Description: theultimatecollection.jpgPossibly living up to its name in terms of track selection, spreading 29 tracks, five of them previously unreleased, over six sides of vinyl, the packaging of this new compilation seems a bit meagre. There’s no context-setting essay or career appreciation, just some fetching photography. Perhaps more effort could have been implied to render the album as luxurious as the brand image befits.

 

It seems unfair to tarnish Sade – the lady and the band – with memories of the acquisitive era in which she and they rose to prominence, but the early material here (“Your Love Is King” and “Smooth Operator”, for example) positively reeks of wine bars and red braces; it’s the way that saxophone oozes over the music that’s so unsettling.
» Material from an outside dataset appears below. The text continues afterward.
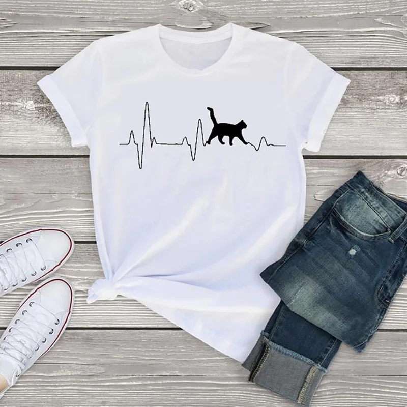 Футболка женская с принтом сердцебиения ЭКГ, с коротким рукавом, с ...

Perhaps due to her/their relatively anonymous persona, though, she and they haven’t become inextricably entwined with the music, and as the layers shift almost imperceptibly though the years a social conscience and beating heart emerge that elude that earlier material, which seems to spend a great deal of effort talking about emotions without any evidence of actually feeling any.

 

“Is It A Crime”’s jazzy drama and the desiccated funk of “Never As Good As The First Time” and “Paradise” shatter the smooth stereotype. “Jezebel” is where proceedings start to thaw, Helen sounding more like she’s singing rather than just performing, and beginning to appear engaged. This new warmth courses tastefully through “Paradise”, dated by its breathy synth sounds though it may be. There are some harsh and tricky economic realities beneath “Feel No Pain”, if somewhat glibly expressed, and “Bullet Proof Soul” somehow transcends its somewhat lumpen lyrics and faux-luxe music to become a luminous highlight.

 

The later material is infused with the kind of luxuriant professionalism that accompanies a work rate of an album a decade. “Pearls”’ string arrangement seems at odds with, and softens, its tale of sun-baked Somalian poverty; “Immigrant”’s jangles almost abstractly at times. “King Of Sorrow” is deceptively subtle in the manner of mid-80s Bryan Ferry (that’s a compliment, incidentally), and the brief, contemplative piano piece “The Sweetest Gift” is unexpected territory for a compilation to cover. “Soldier Of Love” and “The Moon And The Sky” display the gentlest of hip hop influences; it’s all about the beats! (Not that there’s anything chronologically predating them on this compilation that could in any way be described as having “beats”.)

 

Of the new material, there’s an eloquent, deliciously liquid version of Thin Lizzy’s “Still In Love With You” that makes me wish the next Sade album (due in 2020, at this rate) is a covers project. “Love Is Found” and a remix of “The Moon And The Sky” are joltingly urban, the latter not helped by Jay-Z’s artless monotone rapping, strangely alien in this context, and “I Would Never Have Guessed” offers more of that unexpectedly sparse piano and vocal duetting.

 

Sonically, there’s a kind of lisping, sandpaper edge to many of the tracks on vinyl, undoing rather too much of the relaxing effect of the music and unfortunately underlining the suspicion that the album’s not quite as ultimate as it’s painted.